DOUG 0.2

Distributed operations

Note:
Most of the description refers to the case with assembled matrix input, the case with elemental input may differ.

The initial process regions are non-overlapping and node locations are stored in Mesh_class::Mesh::eptnmap (element partition map).

The data needed for both cases and the distribution are done through the SpMtx_arrangement::SpMtx_DistributeAssembled subroutine. The preliminary distribution of data is done in SpMtx_arrangement::SpMtx_distributeWithOverlap and the exact data to be exchanged between processes is calculated in SpMtx_arrangement::SpMtx_build_ghost. We need to do two types of operations:

There are two cases which differ in their approach: non-overlapping and overlapping regions, so that even parallel matrix-vector multiplication is done by different subroutines.

Non-overlapping case

With no overlap each mesh node belongs only to one process region. So called interface (ghost values) for region 1 is shown on the picture below.

ghosts.png
Non-overlapping regions with ghost nodes outside the region

Overlapping case

Overlap is constructed by adding connected nodes in the mesh graph one layer at a time. The overlap of 2 (ol=2) means there will be 4 layers on the boundary that are shared by both processes. However, the ghost values are now in the last layer inside the region, not outside, so with ol=1 the ghost values are the same as in non-overlapping case. This is a trick which allows to reduce the amount of calculation in the overlapping case.

ghosts_ol.png
Overlapping regions with ghost nodes in the last layer of the region

The general assumption is that the region values are up-to-date before and after each operation.

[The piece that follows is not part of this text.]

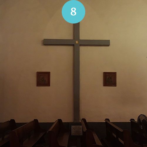 Relique de la vraie Croix. Le reliquaire est formé de deux parties de l'ancienne charpente détruite par le cyclone Jenny. Elle a été érigée le vendredi saint 1963. La relique se situe au croisement des deux bras.

Optimizations to mv multiplication

In non-overlapping case ghost values are sent before any calculations. In overlapping case, local values that are interface for any neighbour are computed first and sent out, only then the calculation of the remaining region is performed. This requires to distinguish the matrix values that are "ghost to local" in non-overlapping case and the matrix values that are "local to neighbour ghost" in overlapping case. The latter are shown on the following figure.

ghostsneighs_ol.png
1. neighbor ghost nodes on process 2

These are the values process 2 need to send to process 1 during matrix vector multiplication. Analogous values on process 1 for process 2 can be seen as symmetrical in respect to boundary.

Note:
Neighbour ghost values are actually local values, except they are ghost values for some neighbour process. For simplicity, the references in the following section to 'local values' exclude them.

Data structures

Because the two cases are quite different and the optimizations the data structures are slightly complicated. Matrix values are divided into 6 categories:

  1. neighbour ghost to neighbour ghost (1,1)
  2. local to neighbour ghost (1,2)
  3. neighbour ghost to local (2,1)
  4. local to local (2,2)
  5. ghost to local (from outside the region in non-overlapping case)
  6. A_ghost (ghost to ghost inside the region in overlapping case)
matrix_ol.png
Matrix values for overlapping case

The first 4 are marked by the the members mtx_bbs and mtx_bbe of the SpMtx_class::SpMtx class. The 5. one is everything between mtx_bbe(2,2) and nnz. The last is stored to a separate matrix object A_ghost.

Note:
The 5. set is empty in overlapping case and the 6. is empty in non-overlapping case.

The vector indices that need to be sent and received during matrix-vector multiplication are stored in ax_sendidx and ax_recvidx members of the Mesh_class::Mesh class. The vector indices that need to be exchanged (sent/received) during first level preconditioner are stored in ol_solve array.